A blog I used to read (when entries were still forthcoming), 3monkeys, did a file size comparison between doc, xml, txt, & odt about a year ago. They came up with essentially similar same results as you. They also compared file sizes across different apps but the same filetype, different results. OOXML wasn’t out at that time, so no comparison there.
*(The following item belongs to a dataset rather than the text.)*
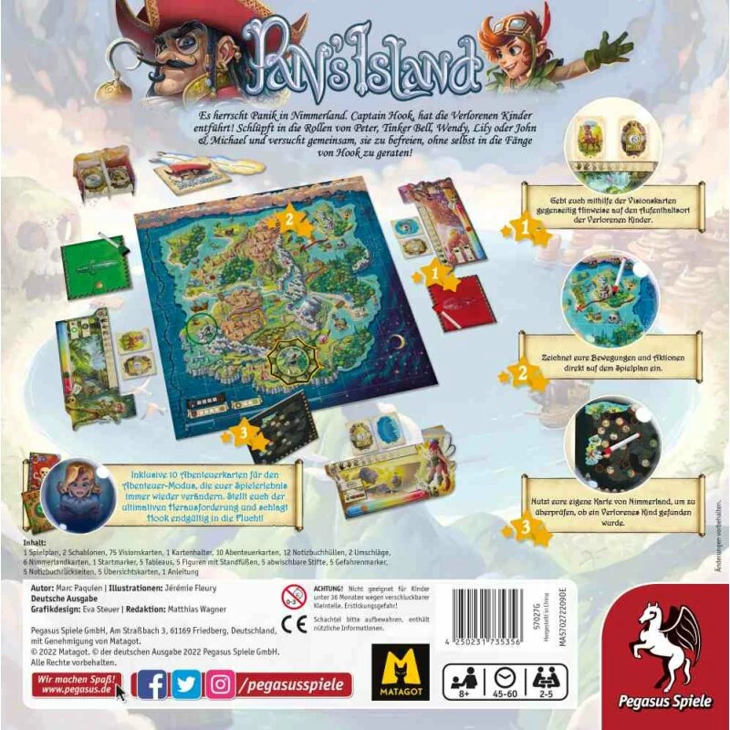 Obwohl alle Spielenden bei Pan’s Island ein Team bilden und auf ein gemeinsames Ziel hinarbeiten, haben sie nicht die gleichen Informationen: Jede*r kennt den Aufenthaltsort eines Kindes, kann diesen aber nicht verraten. Stattdessen erhält die Person zur Rechten verschlüsselte Hinweise, mit deren Hilfe sie das Kind selbst finden muss. In jeder Runde wählen die Spielenden dazu Visionskarten (Entferungs- oder Richtungsvisionskarten) und schätzen gleichzeitig die Gefahr durch Captain Hook ein, die sich aus den Hinweisen auf den Visionskarten ergeben könnte. Schließlich führen dann alle reihum einen Zug aus, in dem sie sich auf dem Spielplan bewegen, ein Lager aufschlagen und/oder nach den Verlorenen Kindern suchen können. All das findet dabei direkt auf dem folierten Spielplan mithilfe von Bewegungs- und Erkundungsschablonen statt. Ihre Bewegung markieren die Spielenden mithilfe abwischbarer Stifte und ihre Position durch eine eigene Figur. Ein Abenteuer-Modus sowie einzigartige Fähigkeiten der Held*innen sorgen für zusätzliche Herausforderungen.

Thanks for this, it is pretty interesting to me. If you ever try it again, maybe run some odf comparisons too. :)

By: Luke Maciak

Luke Maciak — Fri, 08 Feb 2008 00:52:09 +0000

The file was essentially rows of floating point numbers. They were readings taken at each iteration and they were supposed to converge and stop changing at some point. Here is the sample of the data:

0.002479512	0.003447492	0.004360885	0.00417913
0.002243689	0.003142163	0.003983163	0.003899171
0.002080678	0.002927045	0.003714036	0.00369954
0.001953793	0.002756688	0.003503308	0.003538016
0.001857135	0.002622514	0.003341999	0.003409899
0.001786521	0.002518304	0.003223567	0.003311575
0.001739003	0.002439494	0.003143176	0.003240258
0.001712549	0.002382714	0.003097226	0.003193814
0.001705819	0.002345494	0.003083038	0.003170632
0.001718007	0.002326056	0.003098644	0.003169526
0.001748726	0.00232317	0.003142633	0.003189665
0.001797924	0.002336054	0.003214054	0.003230512
0.001865815	0.002364298	0.003312335	0.003291781
0.001952821	0.002407811	0.003437223	0.003373395
0.002059526	0.002466784	0.003588746	0.00347545
0.002186619	0.002541665	0.003767171	0.003598183
0.002334844	0.002633143	0.003972968	0.003741938
0.002504938	0.002742141	0.004206782	0.003907128
0.002697553	0.002869812	0.00446939	0.004094192
0.002913174	0.003017547	0.004761655	0.004303547
0.003151996	0.003186983	0.005084467	0.004535527
0.003413796	0.003380021	0.005438662	0.004790304
0.003697758	0.003598848	0.005824921	0.005067787

It’s all numeric, no letters and the values are relatively close to each other. It compresses very well. For this test I zipped all the files it using WinRar with the “Best Compression” option.